### Required action
In the lines below, output everything from the first line through the line containing "グランプリ』をNintendo SwitchTM /" exactly as it is. Pictures are not part of the output.

** Opening Information supplied block **

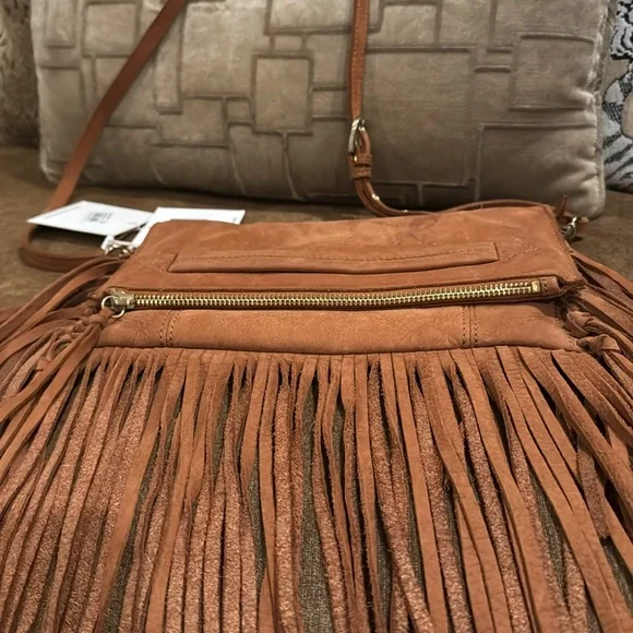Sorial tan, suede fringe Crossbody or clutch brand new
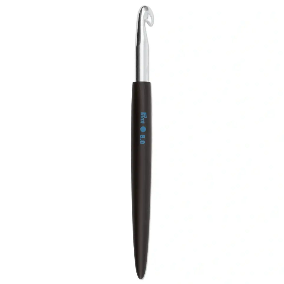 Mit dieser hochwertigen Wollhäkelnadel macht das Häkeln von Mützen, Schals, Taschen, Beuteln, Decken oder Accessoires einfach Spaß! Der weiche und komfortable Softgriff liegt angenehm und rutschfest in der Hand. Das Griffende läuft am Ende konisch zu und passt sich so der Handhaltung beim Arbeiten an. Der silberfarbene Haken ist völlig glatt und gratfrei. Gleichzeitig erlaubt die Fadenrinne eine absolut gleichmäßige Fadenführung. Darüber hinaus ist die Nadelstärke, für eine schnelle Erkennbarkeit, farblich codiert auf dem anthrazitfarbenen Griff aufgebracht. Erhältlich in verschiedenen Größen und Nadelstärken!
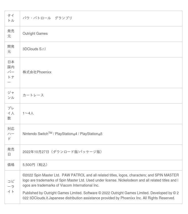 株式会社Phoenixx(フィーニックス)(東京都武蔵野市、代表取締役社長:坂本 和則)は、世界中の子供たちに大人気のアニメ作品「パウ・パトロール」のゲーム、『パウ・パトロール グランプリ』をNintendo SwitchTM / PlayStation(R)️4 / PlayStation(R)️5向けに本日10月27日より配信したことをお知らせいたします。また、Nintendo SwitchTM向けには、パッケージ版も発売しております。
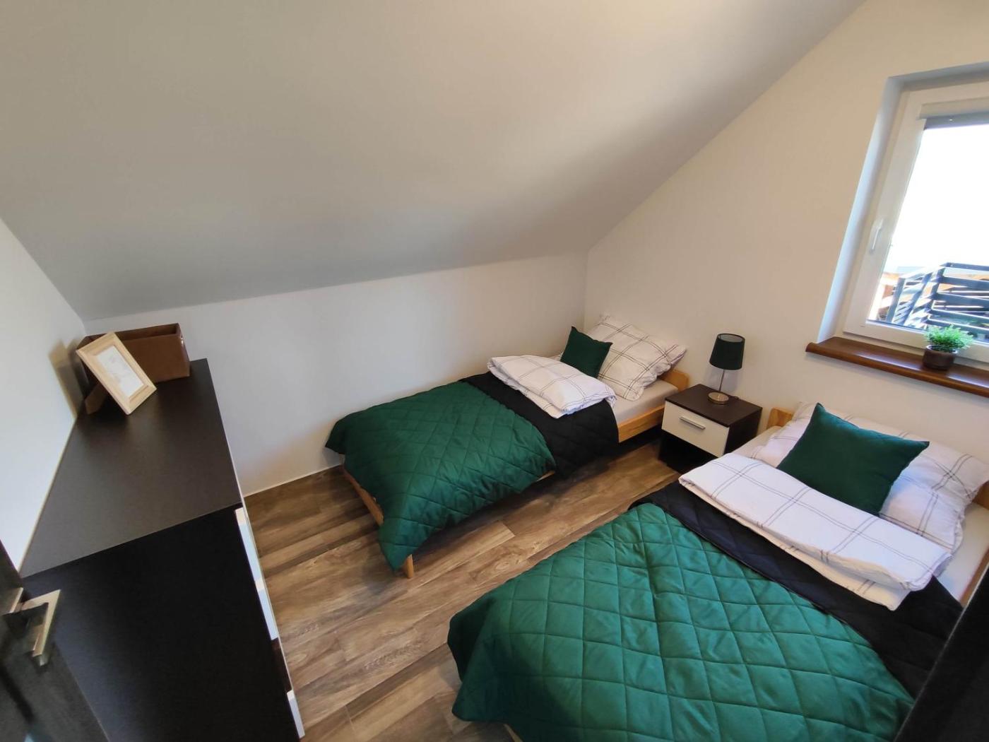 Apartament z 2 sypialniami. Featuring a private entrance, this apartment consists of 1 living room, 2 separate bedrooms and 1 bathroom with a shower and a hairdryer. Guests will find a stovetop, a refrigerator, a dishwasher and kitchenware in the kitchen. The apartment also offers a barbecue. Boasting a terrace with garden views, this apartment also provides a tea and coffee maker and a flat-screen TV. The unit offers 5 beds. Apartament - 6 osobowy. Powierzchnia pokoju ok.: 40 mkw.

** Closing Information supplied block **

### Exercise solution
Sorial tan, suede fringe Crossbody or clutch brand new
 Mit dieser hochwertigen Wollhäkelnadel macht das Häkeln von Mützen, Schals, Taschen, Beuteln, Decken oder Accessoires einfach Spaß! Der weiche und komfortable Softgriff liegt angenehm und rutschfest in der Hand. Das Griffende läuft am Ende konisch zu und passt sich so der Handhaltung beim Arbeiten an. Der silberfarbene Haken ist völlig glatt und gratfrei. Gleichzeitig erlaubt die Fadenrinne eine absolut gleichmäßige Fadenführung. Darüber hinaus ist die Nadelstärke, für eine schnelle Erkennbarkeit, farblich codiert auf dem anthrazitfarbenen Griff aufgebracht. Erhältlich in verschiedenen Größen und Nadelstärken!
 株式会社Phoenixx(フィーニックス)(東京都武蔵野市、代表取締役社長:坂本 和則)は、世界中の子供たちに大人気のアニメ作品「パウ・パトロール」のゲーム、『パウ・パトロール グランプリ』をNintendo SwitchTM / PlayStation(R)️4 / PlayStation(R)️5向けに本日10月27日より配信したことをお知らせいたします。また、Nintendo SwitchTM向けには、パッケージ版も発売しております。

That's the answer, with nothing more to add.